Figures 1a and b are block diagrams of conventional solar cell arrays and their equivalent circuit diagrams. Figures 2a and b are block diagrams and their equivalent circuits when shaded by a portion of the solar cell array in Figure 1. The circuit diagram, Fig. 3 is an output characteristic diagram of the solar cell array, Fig. 4 is a block diagram of an embodiment of the present invention, and Fig. 5 a and b are diagrams when a part of the solar cell array according to the present invention is shaded. FIG. 6 is a diagram showing the output characteristics of the solar cell arrays shown in FIGS. 3 and 5, and FIG. 7 is a diagram showing the temperature characteristics of the solar cell array output.
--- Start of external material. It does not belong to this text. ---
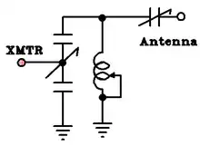 If additional filtering is desired, the inductor in any of the three-element designs can be deliberately set to slightly larger values than the necessary minimum, raising the circuit Q and so providing a partial band pass effect.[25] Either the high-pass T or low-pass π can be adjusted in this manner; the SPC tuner provides a full band-pass effect when similarly adjusted. The additional attenuation at harmonic frequencies can be increased significantly with only a small percentage of additional loss at the tuned frequency.

In the figure, 1...Artificial satellite, 2...Solar cell array, 3...Solar cell element in operating state, 4...Solar cell element in non-operating state,
5... Shadow, 6... Shunt diode, 7... Solar cell element, 8... Control section, 9... Array switching section, 10... Reference voltage section, 11, 12... Relay.

Claims (1)

[Scope of utility model registration request] A plurality of solar cell blocks each having a plurality of series-connected solar cell elements each connected in parallel with a shunt diode, and a relay that constitutes a solar cell array by switchingly connecting both ends of these solar cell blocks in parallel or series; Voltage detecting means for detecting that the output voltage of the solar cell array has decreased from a predetermined reference voltage, and a part of the parallel connected portions of the solar cell blocks being switched to series connected when the voltage detecting means detects the voltage decrease. and relay driving means for driving the relay.